En el mercado circulan varios estudios de costos comparativos entre Vaca Muerta y Permian, cuenca productora de Texas.

Un reciente informe realizado por la consultora El Aleph precisa que realizar un pozo en la cuenca neuquina resulta 39% más caro que hacerlo en la texana. Requiere 13,8 millones de dólares vs. US$ 8,4 millones.

El texto no sólo está en línea con otros sobre el punto. El propio Miguel Galuccio, titular de una petrolera con desarrollo meteórico como Vista Energy, sostuvo en Nueva York días pasados que, a pesar de la reducción de costos argentinos, “aún estamos un 30% por detrás de EE.UU.”.

Varias causas explicarían el sobrecosto local según el trabajo. Entre ellos, mayores impuestos, costos laborales (básicamente por las cargas sociales y la cantidad de personal que integra las plantillas de tareas), de servicios específicos y, por supuesto, costos financieros.

El costo del dinero es un factor decisivo que horada la competitividad local y que muchas firmas energéticas hayan hecho exitosas colocaciones de deuda no neutraliza el problema de tener que seguir consiguiendo fondos corporativos o bancarios a una tasa de interés menor a la que afrontan otros inversores en proyectos localizados en otros lugares del mundo.

A pesar de esas desventajas, Argentina tiene atractivo para firmas extranjeras, como lo muestra la muy celebrada inversión de Continental Resources, del magnate y promotor del no convencional, Harold Hamm, a través de la compra del yacimiento Los Toldos Oeste a Pluspetrol.

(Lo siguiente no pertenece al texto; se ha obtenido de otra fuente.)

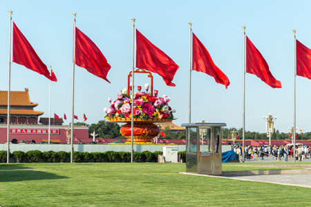 Beijing / China - September 27, 2014: Red banners unfurled in the wind at Tiananmen square ahead of the National Day celebration (65th Anniversary of the Founding of the People's Republic of China).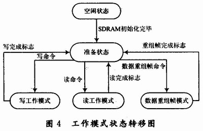 系统在空闲状态等待SDRAM初始化完成,当SDRAM完成初始化以后进入准备状态,表示系统可以接收命令,在收到写命令后进入写工作模式,低层写辅助控制模块激活,当完成写操作命令后产生一写完成标志信号,反馈回主控系统促使主控系统完成状态跳转回到准备状态等待下一次命令,收到读取命令后系统进入读工作模式,低层读辅助控制模块开始工作当完成读取操作后产生一读完成标志信号,反馈回主控系统使其回到准备状态等待命令,同样系统收到数据重组帧命令后进人数据重组帧模式,低层重组帧辅助控制模块开始工作完成重组帧任务后产生标志信号控制主控状态机再次回到准备状态,等待下一次命令。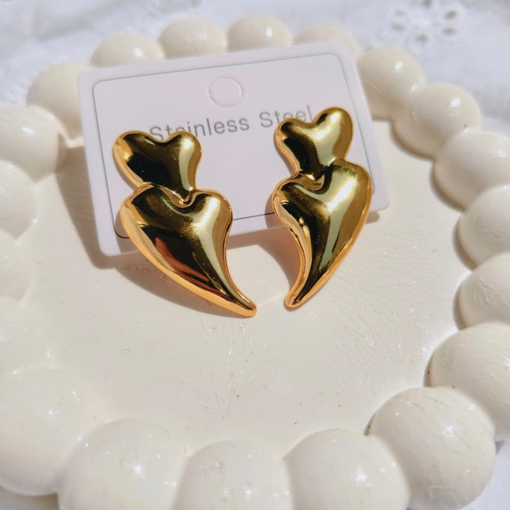 Trendy and youthful heart-shaped drop earrings with a modern twist. Perfect for date nights, casual outings or as a thoughtful gift.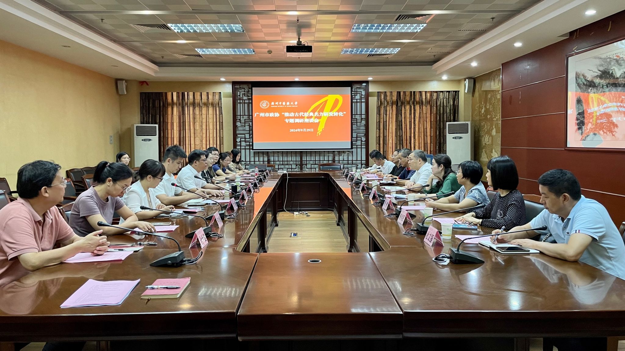 9月29日上午,广州市政协城建资源环境委主任、一级巡视员陈小华率队到taptap点点大学城校区开展“推动古代经典名方研发转化”专题调研。学校党委副书记邱亚洪出席座谈交流会。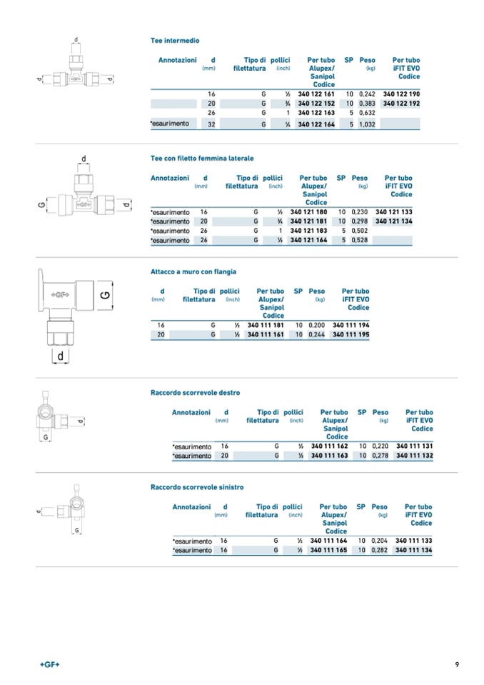 Tee con filetto femmina laterale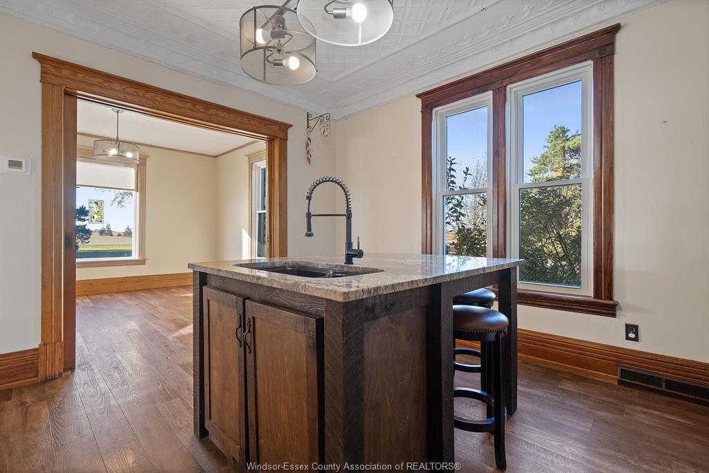Welcome to this picturesque 2.4-acre country retreat, ideally situated on a paved road between Tilbury and Wheatley. This beautiful brick century home blends timeless charm with thoughtful modern updates—perfect for those seeking peace, space, and character. Step inside and fall in love with the craftsmanship and detail—original trim, stunning hardwood floors, tin ceilings, elegant sliding doors, and built-in features that tell a story of the home’s heritage. With 4 spacious bedrooms and 2.5 updated baths, this home offers room for the whole family to live, work, and play in comfort. Recent updates bring peace of mind, including a new roof, windows, furnace, A/C, plumbing, and electrical, all seamlessly integrated without losing the home’s vintage appeal. The attached garage adds convenience and everyday functionality. Outside, a winding driveway welcomes you home through mature trees, leading to three versatile outbuildings: A 45x80 Quonset shed with cement floor and hydro. An extra large former cow barn, also with cement and hydro—ready for your creative use. A third 32x48 workshop ideal for hobbies, storage, or all your toys! Whether you’re looking to start a hobby farm, garden, or simply enjoy the tranquility of country living, this property offers endless possibilities. Experience the best of rural living—where character, comfort, and opportunity come together.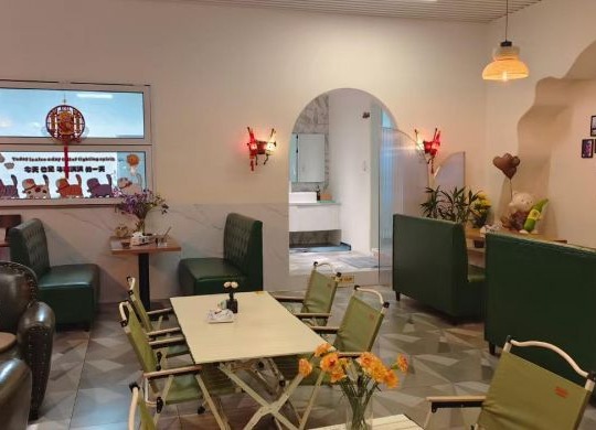 店铺在公寓楼下,铺租是这边比较便宜的,装修精致高档,有空调厨房等设施。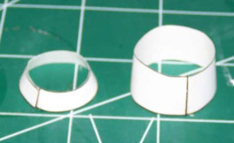 The actual build commences with the motor mount. A cut is made in the motor tube to accomodate the placing of a motor retension hook. I then found something new to me. I was instructed to cut the "reinforcement band" out of the wrap sheet and glue it around the motor tube just below the cut for the hook. Apparently, this is to help resist any tearing that the hook would cause during ejection. If this works out, I may well adopt it as a modification on future rockets.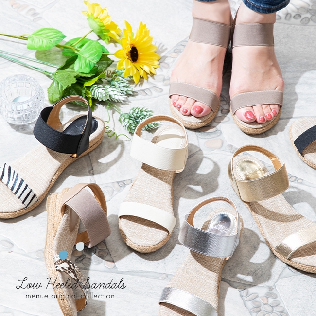 夏のお出かけに涼しい足元。ローヒールウェッジゴムサンダル
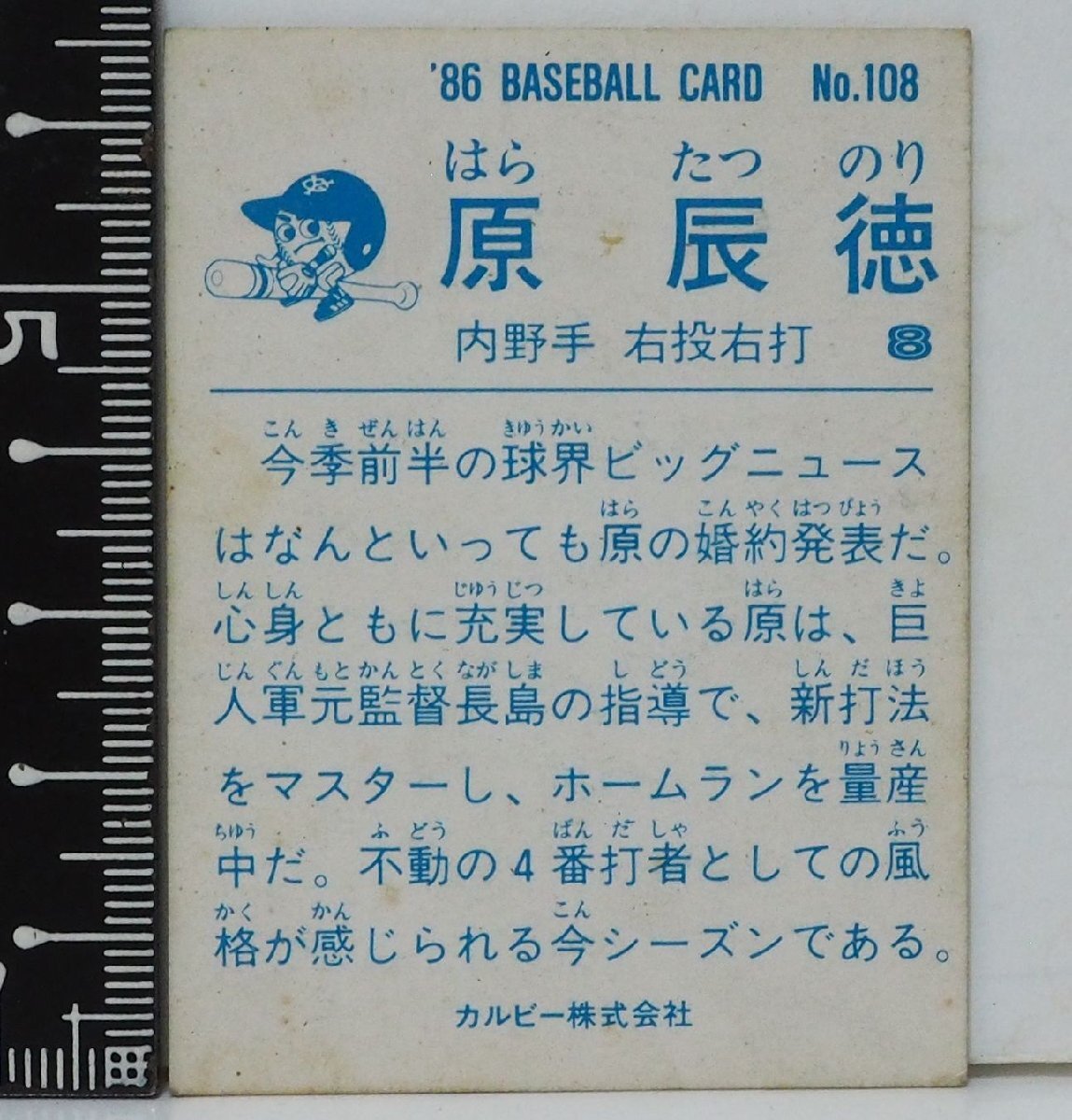 86年 カルビー プロ野球カード No.108【原 辰徳 内野手 読売ジャイアンツ巨人】昭和61年 1986年 当時物 Calbee おまけ食玩BASEBALL【中古】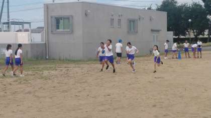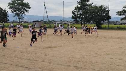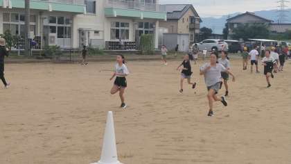 今日は、晴れていたのでグラウンドで走っていました。終わりの方では、たくさんの子供たちが一緒にスタートしていました。とてもすてきでした。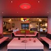 Большой функционал (димер и разные цвета освещения), управление через приложение, можно настроить любой цвет освещения, смотрится достойно, удобство пульта (не обязательно направлять на люстру).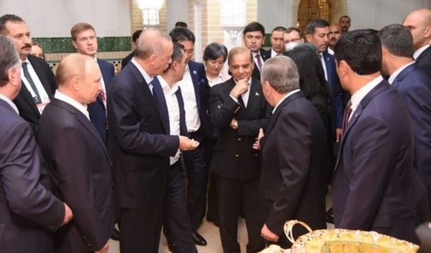 Sosyal medyada paylaşılan fotoğraflardan birinde, ilgiyle Şahbaz Şerif’e odaklanmış ülke liderleri görülüyordu.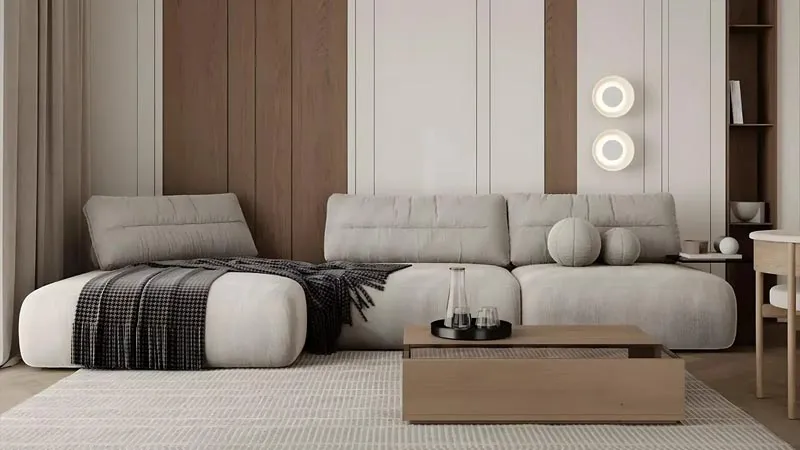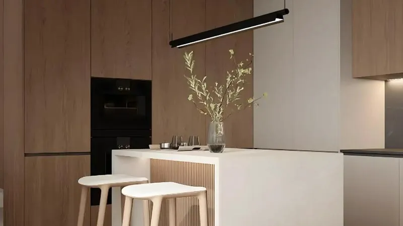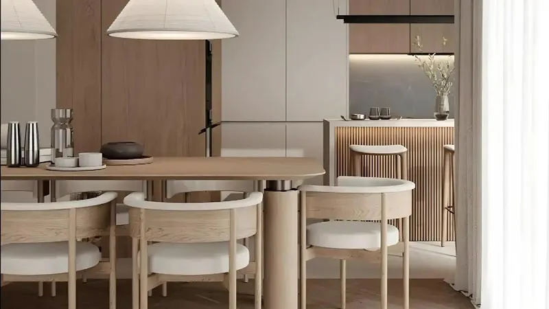 - Bright, open-plan interiors with neutral tones and warm wood detailing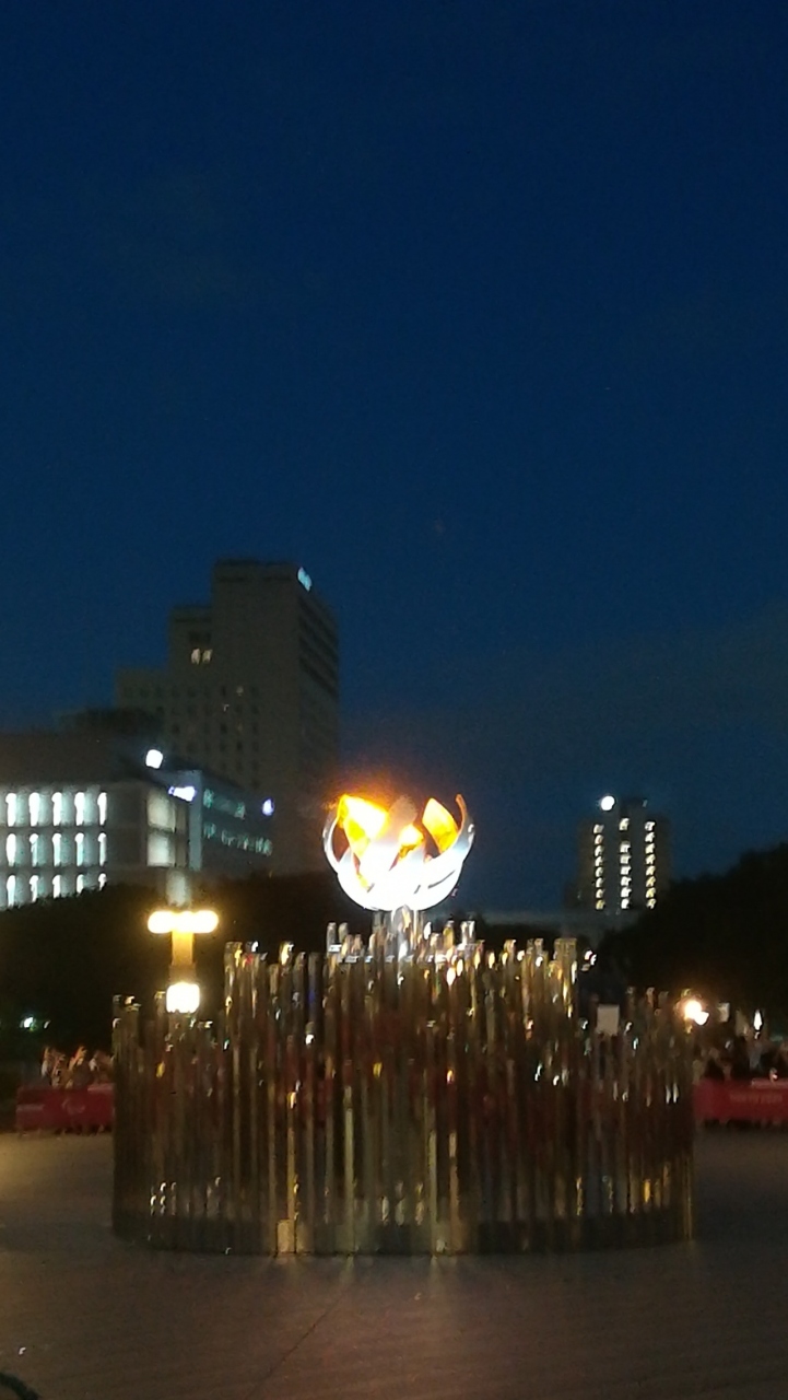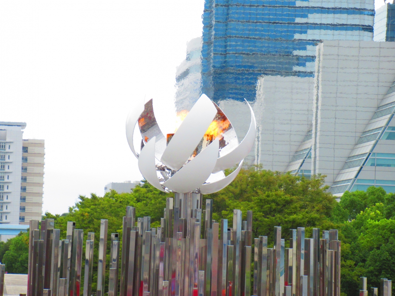 聖火台は開会式で使用されたものと同じ形ですが、大きさは直径約1.2メートルで、3分の1のサイズということで、小さかったです。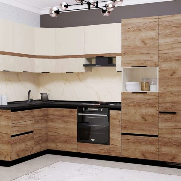 Кухонный гарнитур угловой с витриной Бруклин 1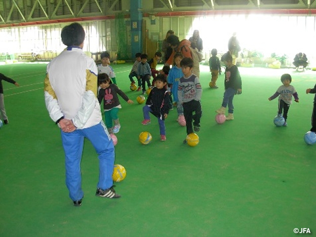 2月21日(土)に長野県小諸市にある「スパーク小諸」にて約60名が参加し、JFAキッズサッカーフェスティバルを行いました。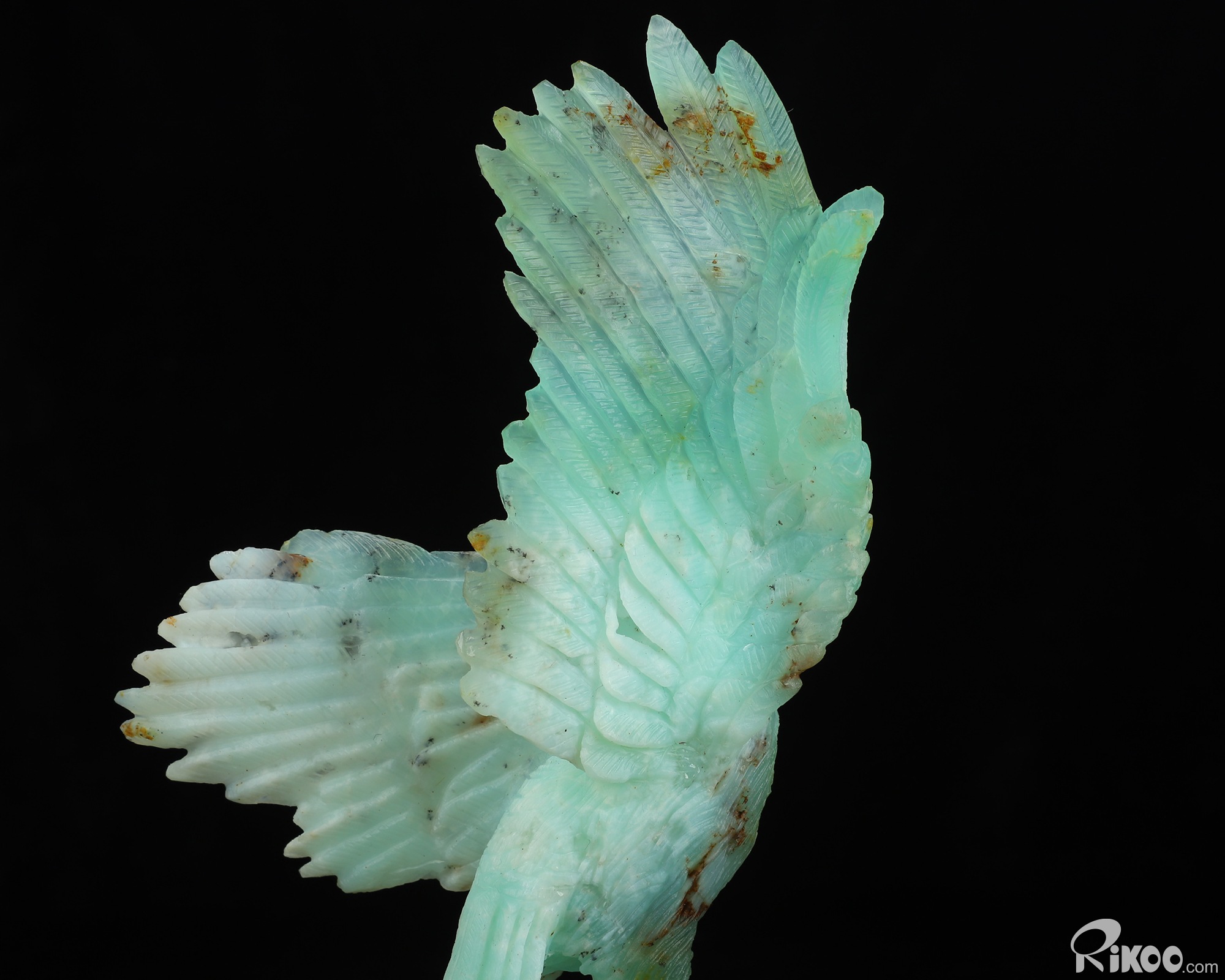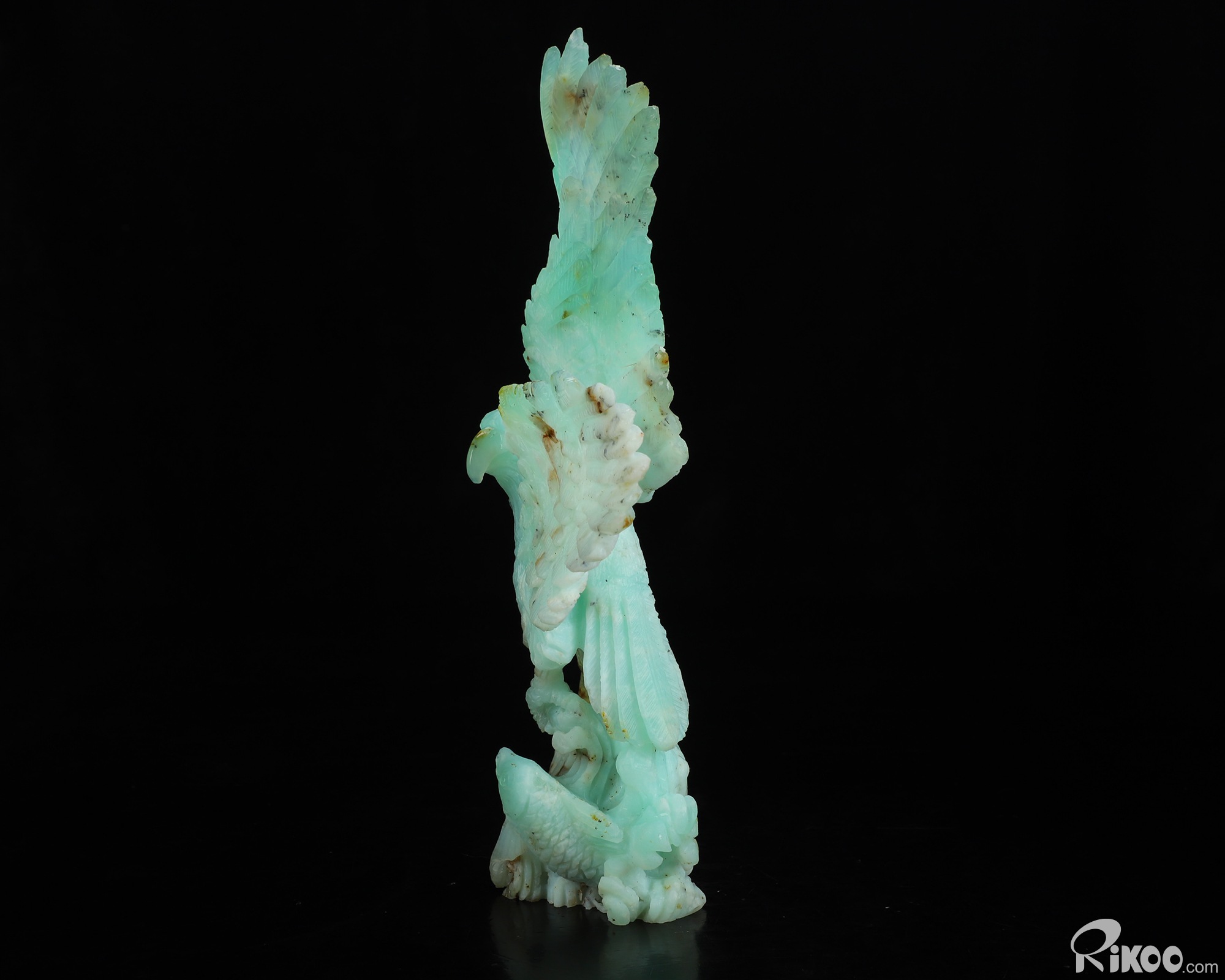 You are looking at a Chrysoprase sculpture. The sculpture is 7.3 inches long.

Para el optimista presidente, CEO y comunicador de YPF, Horacio Marín, eso podría ser un indicio que la cancha no está tan desnivelada y, gracias a una mejora de productividad local, producir en Argentina es una opción atractiva para firmas norteamericanas.

En particular porque los yacimientos de EE.UU. están entrando en una fase de declinación madura, mientras Vaca Muerta es una oportunidad adolescente.

Según los cálculos de YPF, la producción en territorio local puede mantenerse con un costo de alrededor de 45 dólares el barril, mientras que los norteamericanos necesitan un petróleo más caro para que le cierren los números de su explotación.

En realidad no hay consenso sobre cuál es el valor de equilibrio para que los proyectos en Argentina sean económicamente viables y hay tantos números del breakeven como inversores. Ernesto López Anadón, titular del Instituto Argentino del Petróleo y Gas (IAPG), por ejemplo, difiere de la modestia ypefiana y en el streaming especializado Dínamo, acaba de sentenciar que a menos de 60 dólares el barril Vaca Muerta no es viable.

Nada de esto minimiza el reto de tener que conseguir clientes para el GNL argentino en un mercado internacional erizado por la guerra y en el que el país gobernado por Trump es un competidor relevante.